There is material below. Print exactly the lines starting at the line with "私信《曙光英雄》新赛季暗号【" and ending at the line with "ドレスも和装も似合うガーデン", ends included, and no others.

=== Data supplied ===
┌────────

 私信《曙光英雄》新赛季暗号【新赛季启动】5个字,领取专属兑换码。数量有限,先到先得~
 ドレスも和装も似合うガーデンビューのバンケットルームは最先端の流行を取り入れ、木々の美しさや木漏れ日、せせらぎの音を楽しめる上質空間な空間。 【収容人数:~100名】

└────────
┌────────

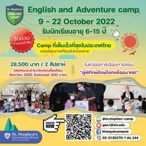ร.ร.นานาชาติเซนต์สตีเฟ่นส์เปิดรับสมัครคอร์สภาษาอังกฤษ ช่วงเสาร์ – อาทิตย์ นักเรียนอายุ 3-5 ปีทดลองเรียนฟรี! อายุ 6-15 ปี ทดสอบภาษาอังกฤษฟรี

└────────

=== Solution for this task ===
 私信《曙光英雄》新赛季暗号【新赛季启动】5个字,领取专属兑换码。数量有限,先到先得~
 ドレスも和装も似合うガーデンビューのバンケットルームは最先端の流行を取り入れ、木々の美しさや木漏れ日、せせらぎの音を楽しめる上質空間な空間。 【収容人数:~100名】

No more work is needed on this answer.